*Task requirements:* Print nothing but the lines below starting at the line that holds "Multi-touch attribution gives" and ending at the line that holds "Meadow grass vector", including both, each exactly as written.

*Task data:*
▶

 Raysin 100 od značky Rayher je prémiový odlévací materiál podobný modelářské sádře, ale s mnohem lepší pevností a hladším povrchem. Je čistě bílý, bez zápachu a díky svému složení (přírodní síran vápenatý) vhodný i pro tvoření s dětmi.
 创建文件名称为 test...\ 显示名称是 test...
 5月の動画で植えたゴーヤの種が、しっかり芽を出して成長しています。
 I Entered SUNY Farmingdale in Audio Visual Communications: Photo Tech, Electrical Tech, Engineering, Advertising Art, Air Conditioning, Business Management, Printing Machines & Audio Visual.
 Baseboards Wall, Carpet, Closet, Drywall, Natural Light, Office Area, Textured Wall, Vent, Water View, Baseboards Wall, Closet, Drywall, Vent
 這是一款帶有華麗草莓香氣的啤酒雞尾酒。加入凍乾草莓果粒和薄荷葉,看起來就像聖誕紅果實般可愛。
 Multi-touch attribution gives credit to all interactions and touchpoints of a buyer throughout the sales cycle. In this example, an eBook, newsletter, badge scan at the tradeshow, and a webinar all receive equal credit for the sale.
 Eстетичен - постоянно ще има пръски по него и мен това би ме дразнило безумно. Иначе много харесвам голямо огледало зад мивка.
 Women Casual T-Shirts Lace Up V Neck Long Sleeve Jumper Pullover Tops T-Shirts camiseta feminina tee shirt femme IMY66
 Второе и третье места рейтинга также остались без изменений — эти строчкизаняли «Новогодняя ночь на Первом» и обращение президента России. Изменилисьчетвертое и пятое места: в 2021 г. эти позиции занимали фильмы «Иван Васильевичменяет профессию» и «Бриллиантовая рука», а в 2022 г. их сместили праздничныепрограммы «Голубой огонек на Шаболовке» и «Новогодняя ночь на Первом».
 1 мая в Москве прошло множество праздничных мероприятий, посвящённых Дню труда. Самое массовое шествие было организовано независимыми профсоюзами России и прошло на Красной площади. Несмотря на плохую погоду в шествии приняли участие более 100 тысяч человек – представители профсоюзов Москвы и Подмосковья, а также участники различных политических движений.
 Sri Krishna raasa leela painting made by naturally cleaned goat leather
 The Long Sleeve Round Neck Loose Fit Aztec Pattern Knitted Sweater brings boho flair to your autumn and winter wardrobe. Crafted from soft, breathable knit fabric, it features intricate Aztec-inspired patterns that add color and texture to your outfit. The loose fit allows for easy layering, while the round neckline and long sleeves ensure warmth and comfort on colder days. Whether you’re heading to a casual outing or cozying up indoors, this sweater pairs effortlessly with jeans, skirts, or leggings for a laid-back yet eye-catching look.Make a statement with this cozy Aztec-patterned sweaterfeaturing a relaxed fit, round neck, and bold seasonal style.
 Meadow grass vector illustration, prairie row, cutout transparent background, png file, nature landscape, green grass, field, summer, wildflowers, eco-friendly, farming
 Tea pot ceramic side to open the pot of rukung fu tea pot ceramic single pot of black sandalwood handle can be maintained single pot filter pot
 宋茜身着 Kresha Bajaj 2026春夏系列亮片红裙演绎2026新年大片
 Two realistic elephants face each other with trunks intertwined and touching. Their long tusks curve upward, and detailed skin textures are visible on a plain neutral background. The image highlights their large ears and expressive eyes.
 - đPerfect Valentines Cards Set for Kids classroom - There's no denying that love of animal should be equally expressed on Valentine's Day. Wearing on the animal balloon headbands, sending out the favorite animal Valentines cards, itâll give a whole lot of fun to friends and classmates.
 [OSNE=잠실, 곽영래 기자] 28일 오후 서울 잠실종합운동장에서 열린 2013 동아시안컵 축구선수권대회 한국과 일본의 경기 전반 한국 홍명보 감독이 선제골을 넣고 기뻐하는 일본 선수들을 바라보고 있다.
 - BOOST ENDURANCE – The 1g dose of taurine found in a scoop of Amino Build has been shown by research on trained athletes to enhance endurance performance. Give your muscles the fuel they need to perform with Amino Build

◀

*Worked solution:*
 Multi-touch attribution gives credit to all interactions and touchpoints of a buyer throughout the sales cycle. In this example, an eBook, newsletter, badge scan at the tradeshow, and a webinar all receive equal credit for the sale.
 Eстетичен - постоянно ще има пръски по него и мен това би ме дразнило безумно. Иначе много харесвам голямо огледало зад мивка.
 Women Casual T-Shirts Lace Up V Neck Long Sleeve Jumper Pullover Tops T-Shirts camiseta feminina tee shirt femme IMY66
 Второе и третье места рейтинга также остались без изменений — эти строчкизаняли «Новогодняя ночь на Первом» и обращение президента России. Изменилисьчетвертое и пятое места: в 2021 г. эти позиции занимали фильмы «Иван Васильевичменяет профессию» и «Бриллиантовая рука», а в 2022 г. их сместили праздничныепрограммы «Голубой огонек на Шаболовке» и «Новогодняя ночь на Первом».
 1 мая в Москве прошло множество праздничных мероприятий, посвящённых Дню труда. Самое массовое шествие было организовано независимыми профсоюзами России и прошло на Красной площади. Несмотря на плохую погоду в шествии приняли участие более 100 тысяч человек – представители профсоюзов Москвы и Подмосковья, а также участники различных политических движений.
 Sri Krishna raasa leela painting made by naturally cleaned goat leather
 The Long Sleeve Round Neck Loose Fit Aztec Pattern Knitted Sweater brings boho flair to your autumn and winter wardrobe. Crafted from soft, breathable knit fabric, it features intricate Aztec-inspired patterns that add color and texture to your outfit. The loose fit allows for easy layering, while the round neckline and long sleeves ensure warmth and comfort on colder days. Whether you’re heading to a casual outing or cozying up indoors, this sweater pairs effortlessly with jeans, skirts, or leggings for a laid-back yet eye-catching look.Make a statement with this cozy Aztec-patterned sweaterfeaturing a relaxed fit, round neck, and bold seasonal style.
 Meadow grass vector illustration, prairie row, cutout transparent background, png file, nature landscape, green grass, field, summer, wildflowers, eco-friendly, farming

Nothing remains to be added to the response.